In "Introduction to Modern Theory of Dynamical System" by Katok and Hasselblatt, the following definition of attractor is given:
Definition 3.3.1 A compact set $A\subset X$ is called an attractor for $f$ if there exists a neighborhood $V$ of $A$ and $N\in\mathbb{N}$ such that $f^N(V)\subset V$ and $A=\bigcap_{n\in\mathbb{N}}f^n(V)$.
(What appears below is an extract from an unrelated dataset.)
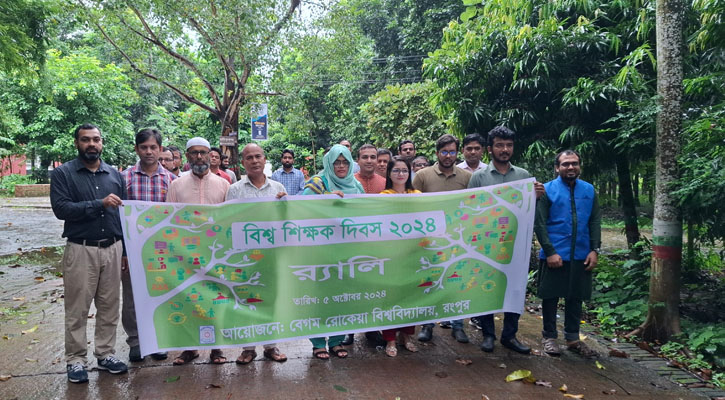 রংপুর: রংপুরের বেগম রোকেয়া বিশ্ববিদ্যালয় (বেরোবি) বিশ্ব শিক্ষক দিবস যথাযথ মর্যাদায় উদযাপন করা হয়েছে। ‘শিক্ষকের কন্ঠস্বর: শিক্ষায় নতুন সামাজিক অঙ্গীকার’ প্রতিপাদ্যকে সামনে রেখে শনিবার (৫ অক্টোবর) সকাল সাড়ে ১১টায় বিশ্ব শিক্ষক দিবস উপলক্ষ্যে এক শোভাযাত্রার আয়োজন করা হয়।

Afterwards the following remark is given:
Remark. Considering $V'=\bigcap_{n=0}^{N-1}f^n(V)$ we may take $N=1$ in the definition.
I do not understand this remark. I neither see that $V'$ is a neighborhood of $A$, nor that $A=\bigcap_{n\in\mathbb{N}}f^n(V')$.
The only thing that I see is that $f(V')\subset V'$.
Maybe you can help.
$\def\N{\mathbb{N}}$To sum up the discussion, we have both things if we assume that $f: X \to X$ is a homeomorphism. In that case $f(A) = f(\bigcap_{n ∈ \N} f^n(V)) = \bigcap_{n ∈ \N} f^{n + 1}(V) = A$ (since $f^N(V) ⊆ V$).
$\bigcap_{n ∈ \N} f^n(V') = A$. We have $A ⊆ V' ⊆ V$, and hence $A ⊆ f^n(V') ⊆ f^n(V)$ for every $n$, and hence $A ⊆ \bigcap_{n ∈ \N} f^n(V') ⊆ \bigcap_{n ∈ \N} f^n(V) = A$.
$V'$ is a neigborhood of $A$. There is an open set $U$ such that $A ⊆ U ⊆ V$, and hence $A ⊆ f^n(U) ⊆ f^n(V)$ and $f^n(U)$ is open for every $n$. Hence, $A ⊆ \bigcap_{n < N} f^n(U) ⊆ V'$.